Par L'Economiste | Edition N°:1740 Le 05/04/2004 | Partager

. Elle aurait aidé à créer 90.000 emplois aux USA en 2003 . Les bénéfices engrangés pousseraient à la création de postes. La question est désormais dans le débat électoral américainLa délocalisation par les entreprises américaines d'une partie de leurs activités informatiques vers l'étranger a engendré une meilleure productivité et la création de quelque 90.000 emplois l'an dernier aux Etats-Unis. C'est ce qu'a indiqué une étude publiée la semaine dernière et réalisée par l'institut Global Insight. Celle-ci a été commandée par l'Association des technologies de l'information d'Amérique (ITAA). L'organisation professionnelle est connue pour lutter en faveur des délocalisations, une question désormais entrée dans le débat électoral américain. Ce sujet constitue en effet l'un des thèmes principaux du programme économique de John Kerry, candidat démocrate à la Maison Blanche. Ce dernier accuse le président américain George W. Bush d'avoir fait perdre des millions d'emplois aux Etats-Unis en encourageant les délocalisations. En employant à l'étranger une main-d'oeuvre beaucoup moins chère qu'aux Etats-Unis, les entreprises américaines ont amélioré leur productivité en 2003, assure l'étude. Ce qui leur a permis de générer des bénéfices, de se développer à la fois dans le pays et à l'étranger, et partant de créer des emplois supplémentaires. Des économistes contestent ce schéma en soulignant que les entreprises ont plutôt tendance à reverser les bénéfices supplémentaires aux actionnaires qu'à les réinvestir. Le gouverneur de la Réserve fédérale Ben Bernanke se range, lui, du côté des auteurs de l'étude. «Nous avons peu de preuves que le commerce en général, et les délocalisations en particulier sont une cause majeure des pertes nettes d'emplois». C'est plutôt la productivité et ses «gains stupéfiants» qui expliquent    aujourd'hui la faiblesse du marché de l'emploi, a déclaré Bernanke lors d'un discours à Durham (Caroline du Nord, sud-est). Pour lui, si la production continue d'augmenter, les embauches suivront sûrement. D'ailleurs, il prévoit une nette amélioration du marché de l'emploi d'ici la fin de l'année.

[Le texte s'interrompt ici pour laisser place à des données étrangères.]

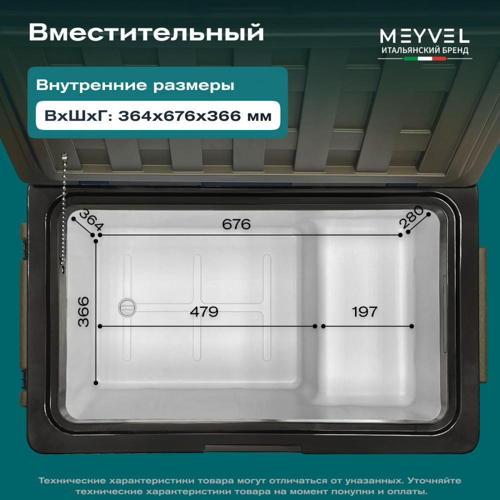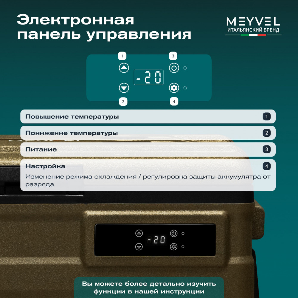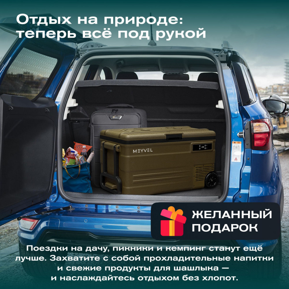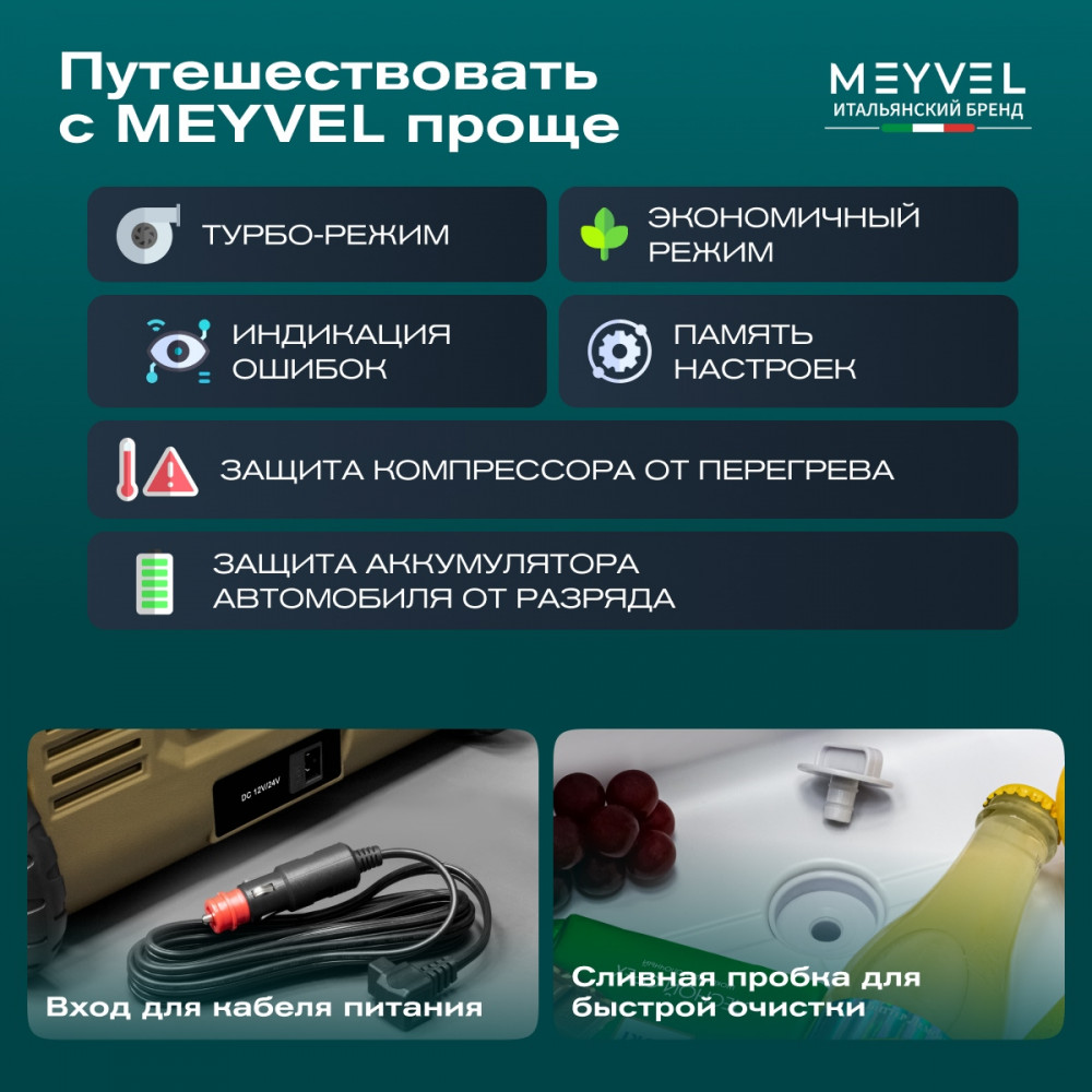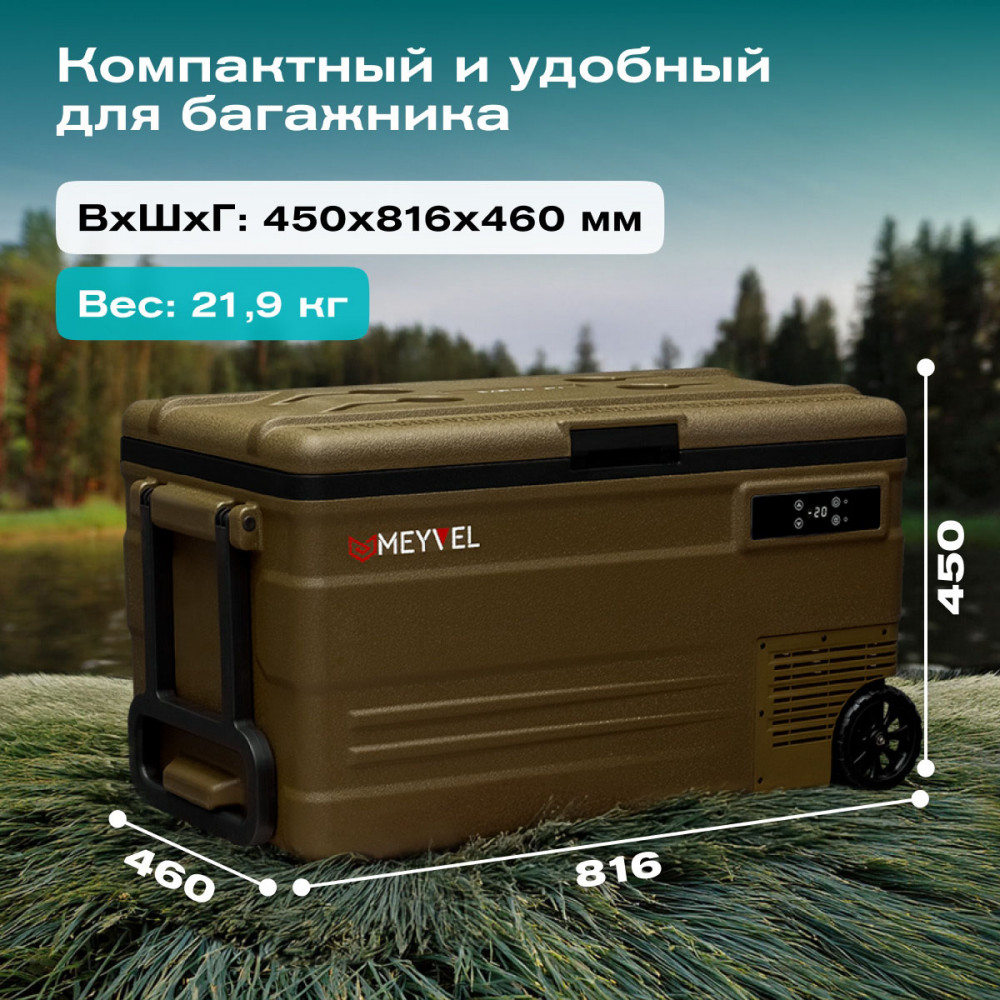 ОписаниеКомпрессорный автохолодильник Meyvel AF-U75-туристический (AF-U75-travel) Итальянская компания MEYVEL разработала инновационную модель автомобильного холодильника AF-U75-туристический (AF-U75-travel), который отлично подойдет для транспортировки и хранения продуктов и напитков. Ключевой особенностью данной модели является тихий высокопроизводительный компрессор, имеющий напряжение 12/24 B, с системой защиты от разгерметизации. Благодаря оптимизированному программному обеспечению и регулируемой скорости вращения, Вы можете эффективно поддерживать нужную температуру в дороге и на природе. Автохолодильник закрывается на автоматическую защёлку, что исключает случайное открытие и потерю холода изнутри. AF-U75-туристический (AF-U75-travel) имеет 4 подстаканника, на которых можно надёжно расположить емкости с напитками. Любителей рыбалки, несомненно, порадует наличие на крышке линейки для измерения улова или других трофеев. Благодаря перечисленным особенностям, холодильник идеально подходит для отдыха на природе. Объёмное пространство внутри холодильника позволяет с легкостью разместить в нём большое количество разнообразных продуктов питания, сохраняя качество любимой еды и напитков, даже во время длительного путешествия. Простое и удобное управление На корпусе есть панель управления с дисплеем, с её помощью можно настроить рабочую температуру от +20 °C до -20 °C, автохолодильник будет автоматически поддерживать её. Так же можно выбрать один из двух режимов работы. Режим Максимальный позволит быстро заморозить продукты, благодаря работе на максимальной мощности. Выбрав Экономичный режим работы, холодильник будет дольше достигать заданного значения температуры, но при этом расходует меньше электроэнергии. В случае каких-либо сбоев в работе, на дисплее отображается код ошибки, что подскажет в чём именно проблема. Автохолодильник оснащён ручкой и колёсиками, что обеспечивает удобную ручную транспортировку. Высокие стандарты качества Благодаря использованию качественных комплектующих и высокотехнологичного производства, холодильники обладают высокой эффективностью и надежностью. Приобретая автохолодильник AF-U75-туристический (AF-U75-travel), Вы получите персональную консультацию по эксплуатации, а кроме того, мы гарантируем сервисную поддержку по всей стране. Вам больше не придется прерывать свое путешествие для того, чтобы перекусить в сомнительных закусочных и магазинах. С Meyvel любимая еда и напитки сохранят свой вкус и качество даже во время самого длительного путешествия! Отличительные особенности: внутренний объём – 75 литра; работа 12/24 В; два режима работы: Максимальный и Экономичный; температурный диапазон от +20 °C до -20 °C; охлаждение, заморозка, глубокая заморозка; защита от разрядки аккумулятора автомобиля; максимальный угол наклона компрессора 40°; память настроек; панель управления с дисплеем; индикация ошибок; ручки и колеса для удобной переноски. Видео Автохолодильники AF-U65-туристический

Un emploi délocalisé = deux emplois créés

L'étude réalisée par l'institut Global Insight a porté uniquement sur la délocalisation des activités informatiques des entreprises. Elle ne prend pas en compte les centres d'appels ni les emplois manufacturiers. Les auteurs de cette étude ont calculé que pour un emploi délocalisé, deux sont créés aux Etats-Unis. Depuis début 2003, note Global Insight, c'est environ 104.000 emplois qui ont été délocalisés. Les économies engendrées par ce mouvement devraient se traduire par la création de 317.000 emplois dans le pays de l'Oncle Sam en 2008. Les secteurs concernés: construction, éducation, santé et services financiers notamment.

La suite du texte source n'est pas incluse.